Costs and cost allocation
The cost of electricity has been rising steadily since 2003. At first this was because of the untenable and artificial price freeze imposed by the Eves government. Subsequently, prices have been rising because of the need to replace and rebuild old assets, and to pay for the “greening” of the system through the closure of coal plants, the construction of natural gas and renewable energy assets, and the concomitant expansion of the transmission and distribution networks necessary to aid and abet that greening. In 2010, the provincial government estimated a price increase of 46% over five years for residential customers, and somewhat less for industrial customers. However, even these projections now appear optimistic because of higher costs for the many construction projects across the system, unabated operating cost increases, and the sharply lower demand forecast that the province now faces. Costs that are mostly fixed will have to be allocated across a fewer number of kilowatt-hours, increasing the apparent impact of the changes.

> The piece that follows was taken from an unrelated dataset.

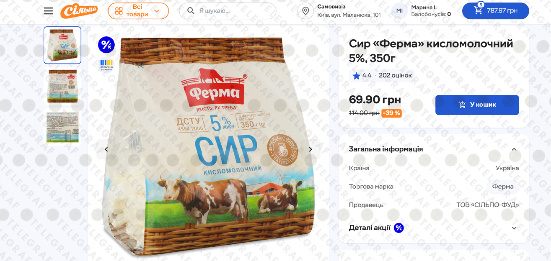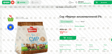 Станом на початок березня, справжній "цінопад" на цей товар зафіксовано в мережі "Сільпо". Тут сир "Ферма" 5% (350 г) пропонують за акційною ціною 69,90 грн. До знижки його вартість складала 114,00 грн, тож чиста економія становить 39%.
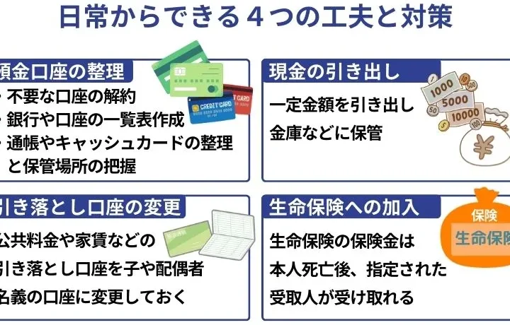 口座名義人が死亡した際も、口座凍結が行われることが一般的です。この場合、金融機関は口座の安全を確保し、遺産の管理を行うために凍結を実施します。具体的には、次のような手続きが行われます。

However, this pain will not be felt evenly. Already, a number of industrial customers are benefiting from changes to the allocation of the global adjustment, targeted groups like northern industries receive special discounts, and residential consumers have faced lower costs because of the “energy benefit” introduced by the government (which coincided with the imposition of the HST to electricity prices). Commercial and institutional customers, who have not been the recipients of any direct price reduction programs, have been actively pursuing opportunities through conservation and demand management programs in order to reduce their exposure to increasing prices and costs. More recently, industrial customers have become eligible to benefit from Ontario’s electricity surplus through a program designed to provide cheaper electricity to companies constructing new facilities in Ontario, or expanding existing facilities. No doubt this latter program will also insulate these new facilities from rising cost pressures, leaving pre-existing customers to face the pain. While many of these special programs are ostensibly time limited, in an increasing cost environment the government will find it very, very challenging to let special discounts die, because affected customers will face the double burden of losing their discount and facing rising prices.
The government, because of its central role in decision-making, is going to find itself subject to enormous pressure to determine the broad outline of cost allocation in a rising cost environment: essentially, a choice amongst bad options. Business will – and already has – argued that competitiveness with other jurisdictions requires that they be insulated from rising costs. The alternative, pushing a greater portion of the burden onto residential customers, risks the potential for a broad political backlash. The strategy of distancing itself from these issues by leaving them to regulatory and other more technically-minded institutions has been undermined by the centrality of the government in all aspects of decision-making for the past number of years. This points back to the need for governance reform before issues of cost allocation become critical.
There are of course many other electricity issues that the next government will face. But how it confronts these pressures will largely determine the shape of the electricity sector in Ontario for years to come.